Let us walk through this particular example. At root (5, 4), closest point so far is null, minimum distance is also null. We set the root as the closet point and minimum distance (using commonly used Euclidean distance for continuous values) to ((x_{1} – x_{2})^{2} + (y_{1} –y_{2})^{2})^{1/2} = 4.12 (approx.). Now we have two bounding boxes A and B. The decision that we need to make is which one to traverse first? Q’s x dimension value 4 is smaller than root’s x dimension value that is 5. So we choose left first, right second. Both of them are to be called by using the cutting dimension y. The bounding box for each of the call is going to change. Well, we know each root owns a bounding box.

At the second call, root is (3, 6), bounding box is A. Distance from Q to A is zero as Q is within A. So we cannot skip traversing this sub-tree. Distance from (3, 6) to Q (4, 8) is 2.24, closer than existing minimum distance 4.12. Hence, we update our closest point to (3, 6) and minimum distance to 2.24. Next decision to make is again which side to traverse first. We have Q’s y value 8 that is more than present root’s y value 6. So we will traverse the right side first, left side second.

Next, the function is called with root, (2, 10), cutting dimension x and bounding box D. Distance between (2, 10) and Q (4, 8) = 2.83 that is larger than existing minimum distance. So we are not updating the closest point in this call. Next – choose which side to traverse first. Q’s x dimension 4 is bigger than root’s x dimension 2, hence right sub-tree is chosen first that is null anyway. So the call to it will return without doing anything.

Next call would be made with root (1, 8) that is 3 units away from Q. No improvement for the closest point. Also this root has no children. We have reached bottom of this side of the tree in our DFS search.

Next call is done with root (2, 2), far away from Q. But the bounding box owned by it is only 2 units away from Q. Hence, there is a chance that we might end up getting a closer point from this area. Hence, we cannot skip this tree. Right side to traverse first based on x dimension value comparison.

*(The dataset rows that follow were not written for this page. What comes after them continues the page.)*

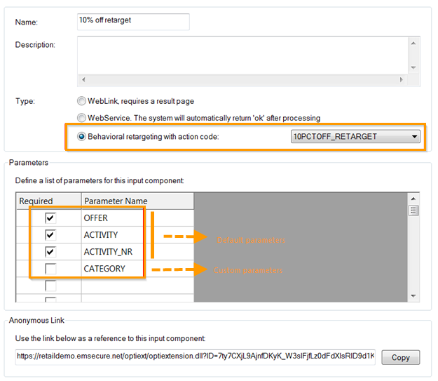 To do so, go to the properties of the Input component. Select type “Behavioral retargeting with action code” and from the drop down select the action code (e.g. “10PCTOFF_RETARGET”).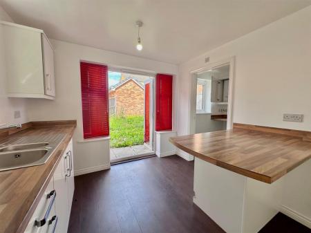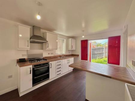 The modern kitchen is fitted with a breakfast bar and flows through an open archway into the dining area, creating a sociable layout ideal for family meals. The kitchen also has its own set of patio doors leading to the garden, along with access to a separate utility room - a highly practical addition for everyday living.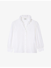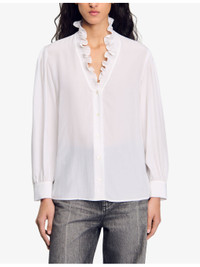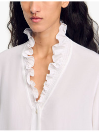 PRODUCT DETAILS - Sandro silk shirt - 100% silk - Exposed button fastening at front - Regular fit, V-neck with ruffle trim, long sleeves, buttoned cuffs - Hand wash - True to size - Model is 5ft 10in/1.78m and wears a size UK 8 - Lightweight, non-stretch Ref: R04320629

Root (4, 1), that is 8 units away from Q is called. It owns bounding box F that is 2 units away from Q. Once again cannot skip this area. Well, it has no child anyway.

Root (1, 3) is called that owns bounding box E that is 2.83 units away from Q, having no chance to offer any closer point. For the first time we can skip this area/sub-tree/bounding box.

We are done with the left side of level 1 root (5, 4). Now traverse right side.

Sub-tree with root (7, 7) owing bounding box O is called. Subsequently sub-tree rooted at *(6, 8) would be called and that would be the closest point at distance 2.*

#### How much search space did we prune?

We will skip traversing the left sub-tree rooted at (8, 2) that owns bounding box P. In terms of nodes we skipped only 4 nodes, 3 of them are rooted at (8, 2). Previously we skipped sub-tree rooted at (1, 3) as well. The green areas were pruned, meaning we did not search there. That was not quite efficient though!

#### How to get k nearest neighbors?

Instead of keeping a single closest point we could maintain a priority queue (max heap) to keep k (say 2, 3 or any number) closest points. The first k points would be en-queued anyway. Onwards, a new point, if better, would replace the worst of the closest point found so far. That way we can maintain the k nearest points easily.

### Too few points is a problem

If we have to construct a k-d tree with 20 dimensional data sets, we got to have around 2^{20 }data points. If we don’t have enough data then at many levels we will not have sufficient data to split. We will also end up with an unbalanced k-d tree where search and other operations would not be very efficient.

In general, we need k-d tree when we have higher dimensional data points. But when the dimension is too high other approaches might work better.